Robin, you might think that you're being "trendy" or "cool" by shouting
"RTFM", but in truth you're making a fool of yourself. It doesn't matter
in this case whether the external chown command or internal chown()
function is used - both require root access, which is the advice given
above by people far better qualified to give it.
sherm--
--
Cocoa programming in Perl: http://camelbones.sourceforge.net
Hire me! My resume: http://www.dot-app.org
------------------------------
Date: Sun, 25 Jul 2004 17:53:28 -0000
From: Mike Heins <clpm@nospam.perusion.com>
Subject: Re: CGI file ownership
Message-Id: <slrncg7ssn.mao.nanae@bill.heins.net>
In article <_9WdnR2hNtwRfJ7cRVn-sw@adelphia.com>, Sherm Pendley wrote:
> Robin wrote:
>
>> perl has a built in command for this, see the documentation, perldoc -f
>> chown, also, you could always use system or exec, but it is unadvisable.
>
> Robin, you might think that you're being "trendy" or "cool" by shouting
> "RTFM", but in truth you're making a fool of yourself. It doesn't matter
> in this case whether the external chown command or internal chown()

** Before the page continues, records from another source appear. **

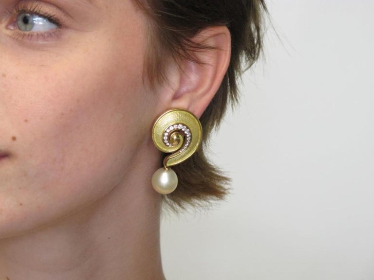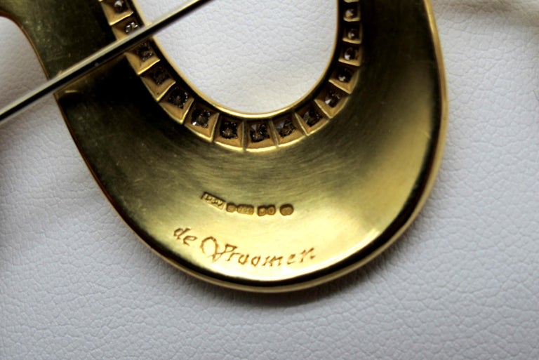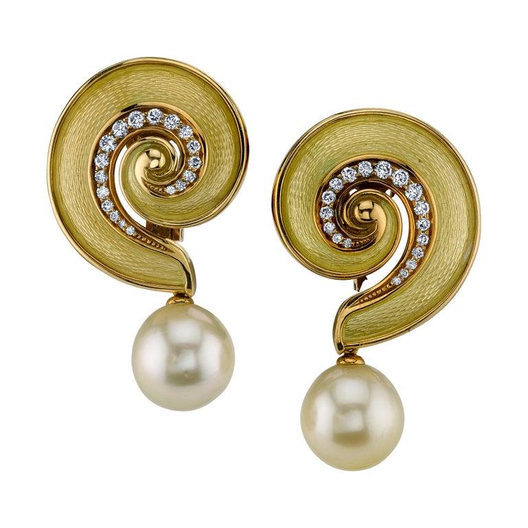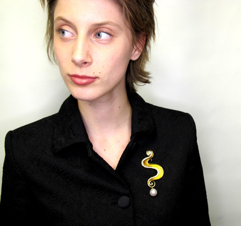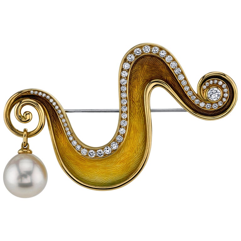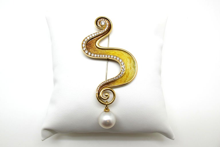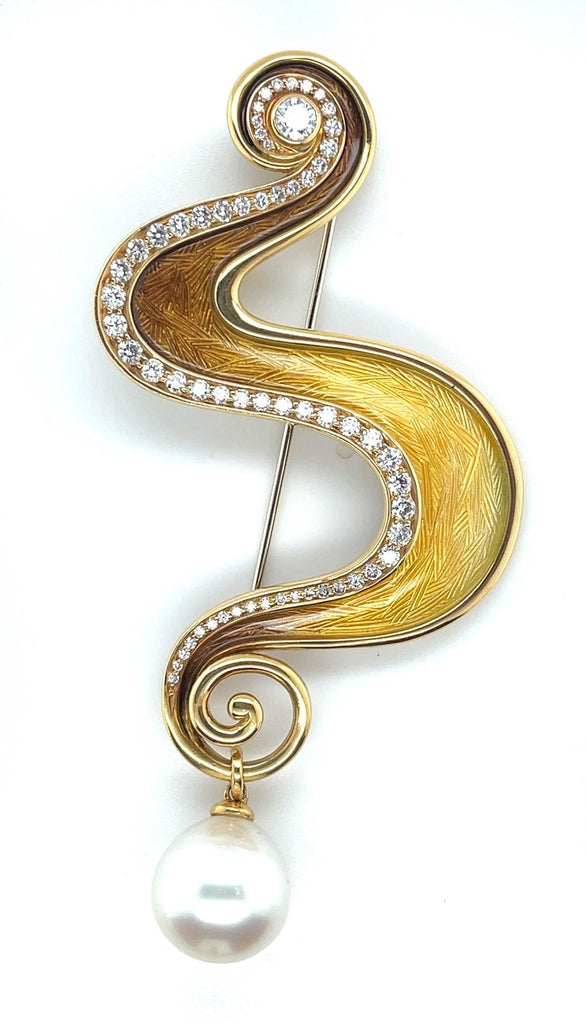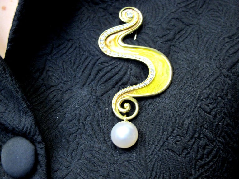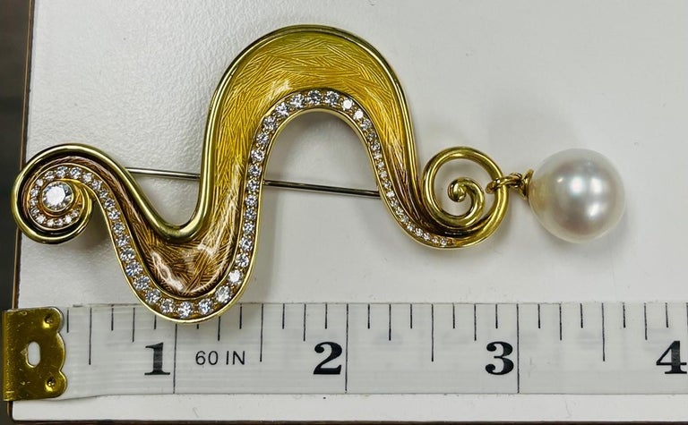 This beautiful enamel pin was made by Leo de Vrooman. He is an incredible designer who is known for exquisite enamel work. The pin is large and bold, measuring approximately 2-3/4" x 1-3/4". It is set with brilliant cut diamonds totaling approximately 1.20 carats. A 13 millimeter pearl completes the piece. Signed de Vrooman.
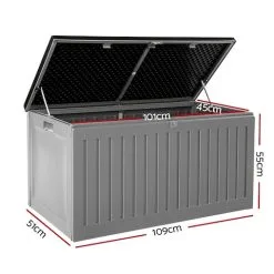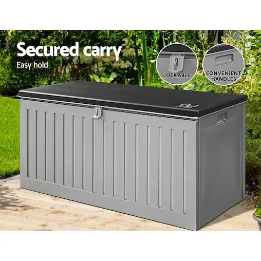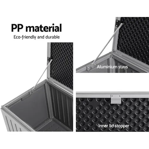 Stylish and modern looking, our Gardeon Outdoor Storage Box is just perfect for storage outdoors and indoors. With a large storage capacity of 270L, the box is totally practical in every way. Use it to store anything, from gardening paraphernalia to collectibles to books, clothes or even beddings. Made of durable and weather-resistant PP material, the box does not rust and can stand up to robust use with ease. It comes with an aluminium hinge and inner lid stopper for hassle-free use. The integrated handles make it easy to carry it around, while the lockable lid helps to keep things safe and secured. Better still, the storage box can also double up as a bench for casual seating anytime. It is also easy to assemble with no tools required.
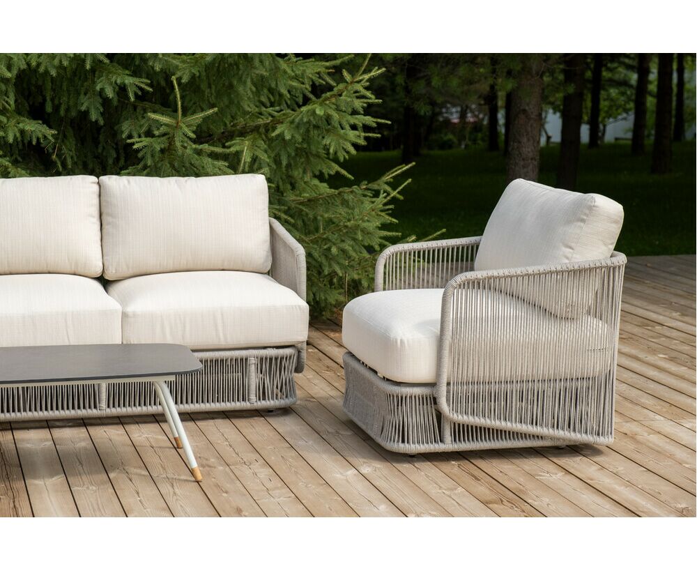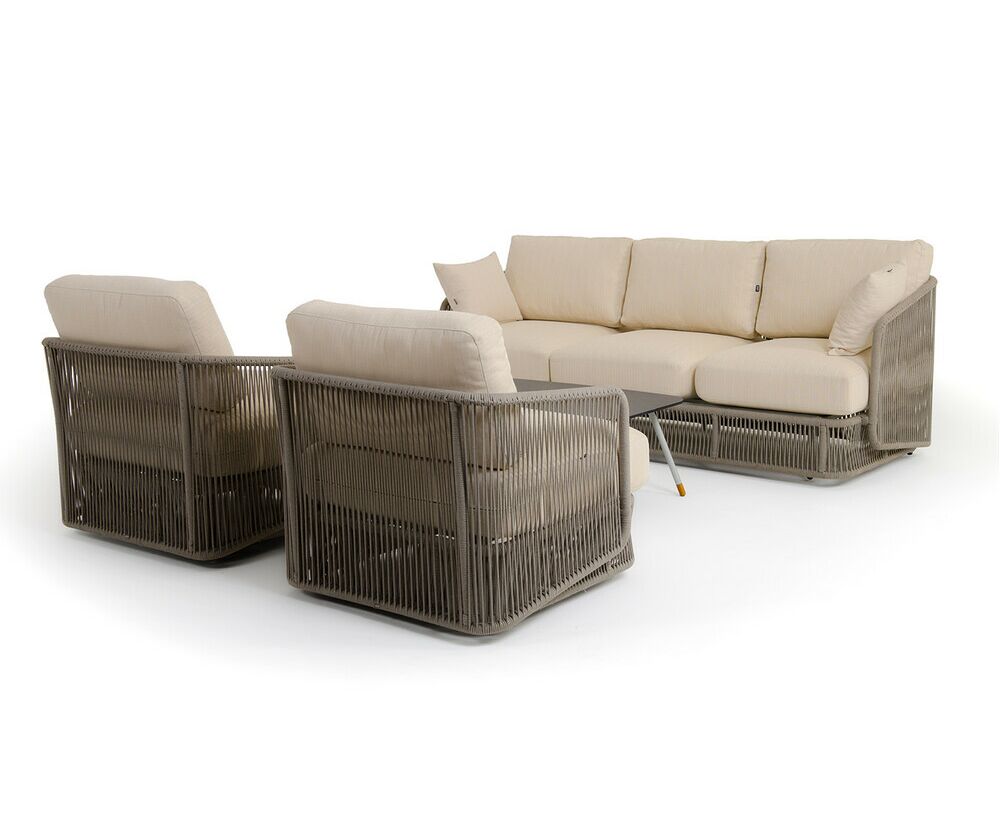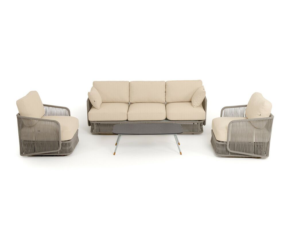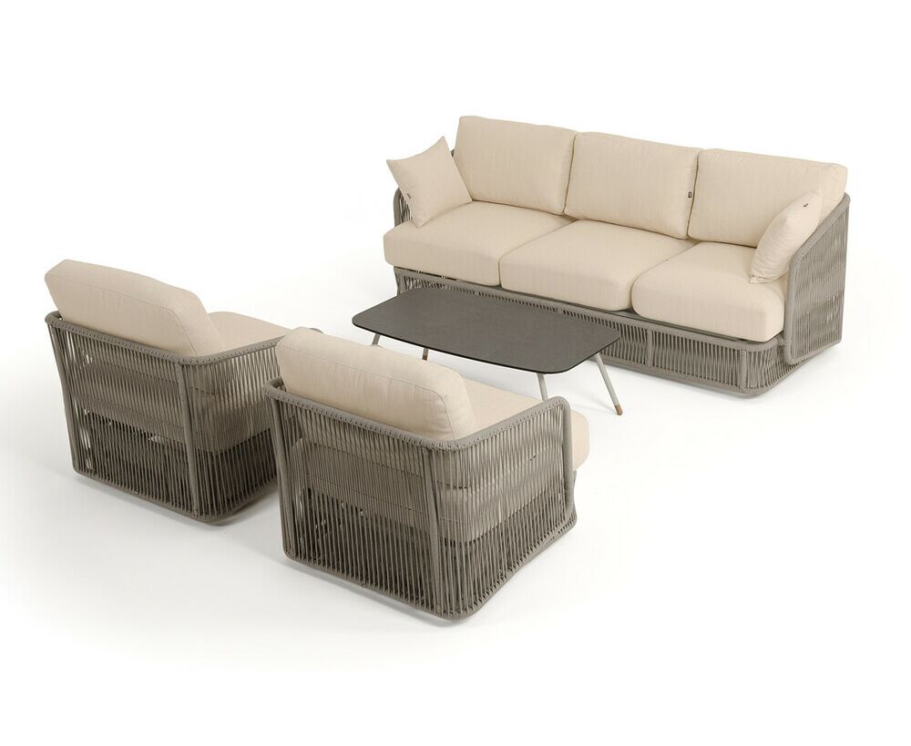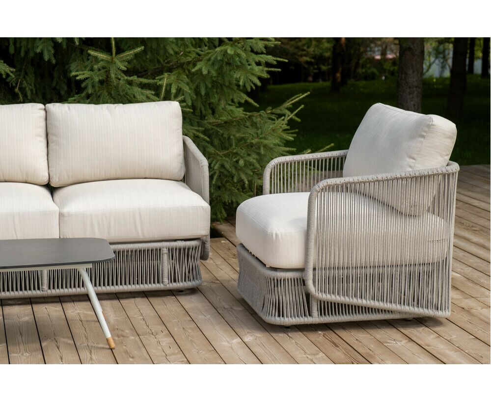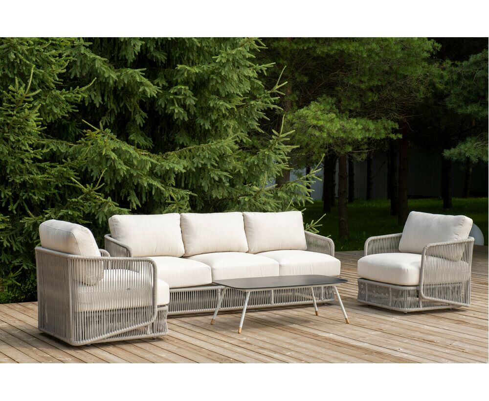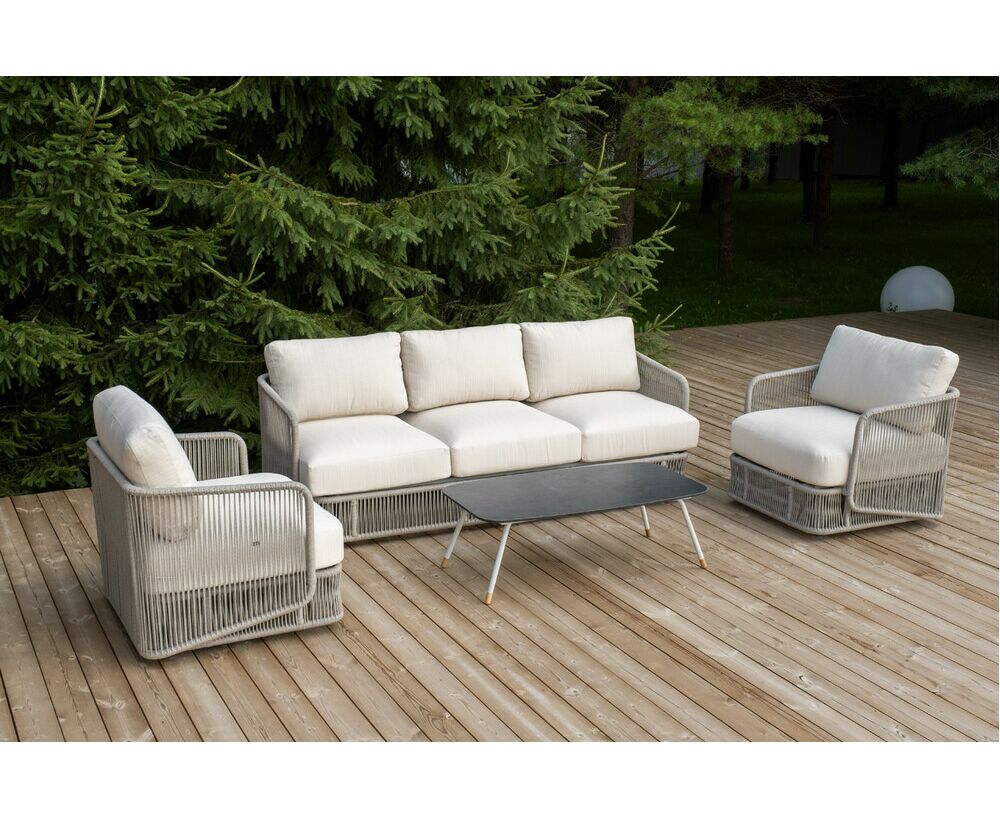 "Альбано" диван 3-местный плетеный из роупа, каркас алюминий светло-серый (RAL7035) муар, роуп серый меланж круглый, ткань Mossle светло-бежевая 1шт. 2 320Х865Х780, "Альбано" кресло плетеное из роупа, каркас алюминий светло-серый (RAL7035) муар, роуп серый меланж круглый, ткань Mossle светло-бежевая 2шт. 920Х865Х750, "Верона" журнальный стол из HPL 120х65, H40, каркас светло-серый (RA L7035) муар, цвет столешницы "серый гранит" 1шт. 1 200Х650Х400,

> function is used - both require root access, which is the advice given
> above by people far better qualified to give it.
Au contraire -- some operating systems allow you to "give away" a
file you own. True, not any that I know of are in common use ; but
it is possible.
And, presumably, using the system documentation would be the
authoritative reference for that.
--
Friends don't let friends use Outlook. -- Bob Blaylock
------------------------------
Date: Sun, 25 Jul 2004 13:06:25 -0600
From: "Robin" <webmaster @ infusedlight.net>
Subject: Re: CGI file ownership
Message-Id: <ce10bq$tnb$1@reader2.nmix.net>
"Mike Heins" <clpm@nospam.perusion.com> wrote in message
news:slrncg7ssn.mao.nanae@bill.heins.net...
> In article <_9WdnR2hNtwRfJ7cRVn-sw@adelphia.com>, Sherm Pendley wrote:
> > Robin wrote:
> >
> >> perl has a built in command for this, see the documentation, perldoc -f
> >> chown, also, you could always use system or exec, but it is
unadvisable.
> >
> > Robin, you might think that you're being "trendy" or "cool" by shouting
> > "RTFM", but in truth you're making a fool of yourself. It doesn't matter
> > in this case whether the external chown command or internal chown()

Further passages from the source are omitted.